No that is wrong. Let's try something simple first if u=x^2 then du=?

 

[fredrick08]

ok i think more about it... its really simple, just finding it hard to remember...

 

[fredrick08]

ok lol I am dumb... int(f'/f)dx=int((1/u)(du/dx)du=int(1/u)du=ln(u)=ln(f(x))

 

[fredrick08]

ok so that equals int(a)dx=ax+c rite? but then do i solve for f(x), so f(x)=e^(ax+c)?

 

[Cyosis]

Okay I will do this example for you. I however strongly advice you to review basic calculus topics like single variable linear differential equations and basic integration techniques.

We want to solve $f'(x)/f(x)=a$. To do this we integrating both sides of the equation then substitute u=f(x), therefore du=f'(x)dx.

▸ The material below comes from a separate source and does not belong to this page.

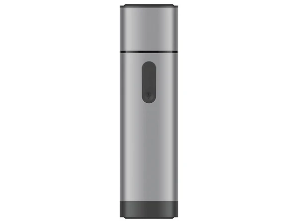 Серебристое пуско-зарядное устройство с литий-ионным аккумулятором.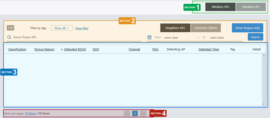 Shows the list of detected neighbor APs. The list's contents depend on the "IDS Report History" configuration in the "Data Retention Period Configuration" section of the System Setting page.

$$\begin{align*} \int \frac{f'(x)}{f(x)}dx & = \int a dx \\ \int \frac{1}{u}du & =ax+c \\ \log u & =ax+c \\ \log f(x) & =ax+c \\ f(x) & =e^{ax+c} =Ae^{ax} \end{align*}$$

Edit: I see you got it now, good. Now do the same for g(x).

 

[fredrick08]

ok sorry for g(x)...

int(g/g')dx=int(u*(dx/du)du=int(u)dx=ux=xf(x)??

=>f(x)=(ax+c)/x??

 

[Cyosis]

Nope that is wrong. Try to invert the function first so that the fraction looks the same as the one for f. Secondly g is a function with variable y not x.

 

[fredrick08]

no that's not rite... omg int(u(dy/du)dy=int(u)dy^2/du? ok no idea what i am doing here

 

[Cyosis]

Invert the equation and substitute u=g(x).

 

[fredrick08]

can i just flip it?? then it will be the same as f... =ln(g(y))?

 

[Cyosis]

Yes you can flip one side, but then you also need to flip the other side.

 

[fredrick08]

ok so ln(g(y))=(ax+c)^-1??

 

[Cyosis]

No you are solving the differential equation g(y)/g'(y)=a , then g'(y)/g(y)=?

 

[fredrick08]

1/a? so ln(g(y))=(y/a)+c?? =>g(y)=e^((y/a)+c)

 

[Cyosis]

No. How can the integral of f'/f have a different value than g'/g. If g(y)/g'(y)=a then g'(y)/g(y)=1/a. Now integrate.

 

[fredrick08]

yes isn't that what i did? int(1/a)dy=(y/a)+c right?

 

[Cyosis]

Ugh sorry it's 4 am here I am getting sleepy! Yes you're right so what is the the total solution to the partial differential equation you began with?

 

[fredrick08]

u(x,y)=f(x)g(y)=Ae^(ax)*Be^(y/a)... but I am not sure... if i differentiate that, i don't thik it works out.

 

[Cyosis]

It's correct, just differentiate it and you will see it will turn out correctly.